Beefing up security as Seoul summit approaches
Police have started inspecting all mail delivered to the main venue of the G-20 Summit, officials said yesterday, after the recent discovery of letter bombs sent to European leaders sparked security concerns here.
The G-20 Summit will take place at COEX in southern Seoul from Nov. 11-12, bringing together about 10,000 participants, including 32 heads of state and leaders of international organizations.
The National Police Agency said that all mail and parcels addressed to COEX, whose main office building houses hundreds of businesses and trade companies, are being inspected by X-ray scanners and sniffer dogs.
Parcel delivery will not be allowed during the event, and receivers should collect packages in person at separate storage sites and pass through security checkpoints to bring them into the building, the NPA said.

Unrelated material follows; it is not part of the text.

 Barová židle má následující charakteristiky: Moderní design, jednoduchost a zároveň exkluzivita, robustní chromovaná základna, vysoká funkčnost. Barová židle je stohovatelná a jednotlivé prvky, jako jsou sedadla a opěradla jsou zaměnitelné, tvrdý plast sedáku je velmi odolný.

In addition, the NPA announced plans to ramp up X-ray inspections in airports and hotels where G-20 leaders will stay during the event, in order to prevent delivery of any suspicious packages targeting them.

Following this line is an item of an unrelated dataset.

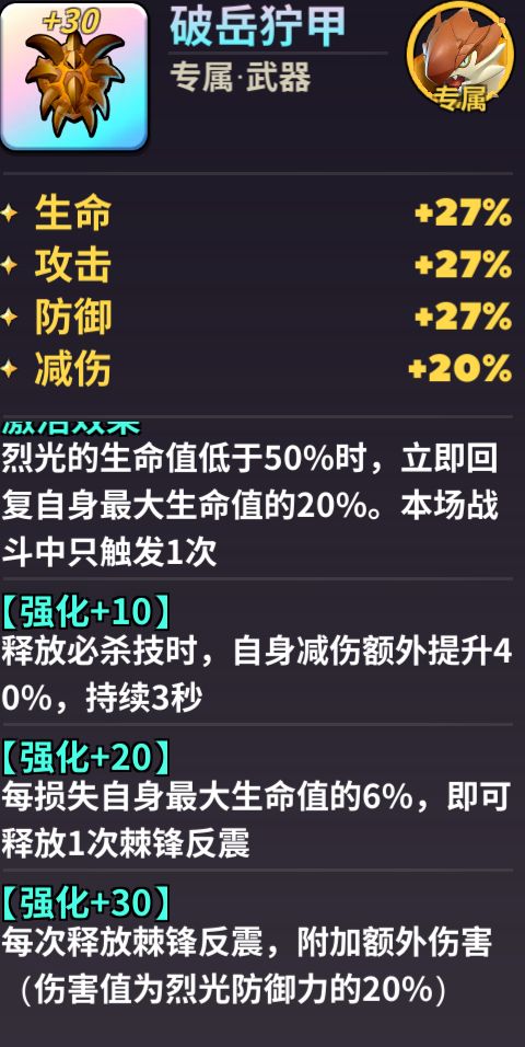 烈光的专属武器,可提升自身生命和减伤! 升级后棘锋反震触发条件降低至6%。完全体更可附加额外伤害!

About 10,000 police officers started making rounds last week in Seoul’s public places and major subway stations. Police SWAT teams have been assigned around COEX to prepare for any threats from terrorist groups and violent protests.

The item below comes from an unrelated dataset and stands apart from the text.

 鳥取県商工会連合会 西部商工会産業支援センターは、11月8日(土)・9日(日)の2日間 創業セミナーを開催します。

Under a special law on G-20 security that went into effect last month, all rallies and demonstrations within a 2-kilometer (1.24 miles) radius of the summit venue are banned from Nov. 8-12.
A movable 2.2-meter-high (7.2 feet), 1.6-kilometer-long security fence will be erected near COEX during the two-day summit.
Police received reports on Wednesday of a suspicious package left in Jamsil Station in southern Seoul, only three stops away from the venue.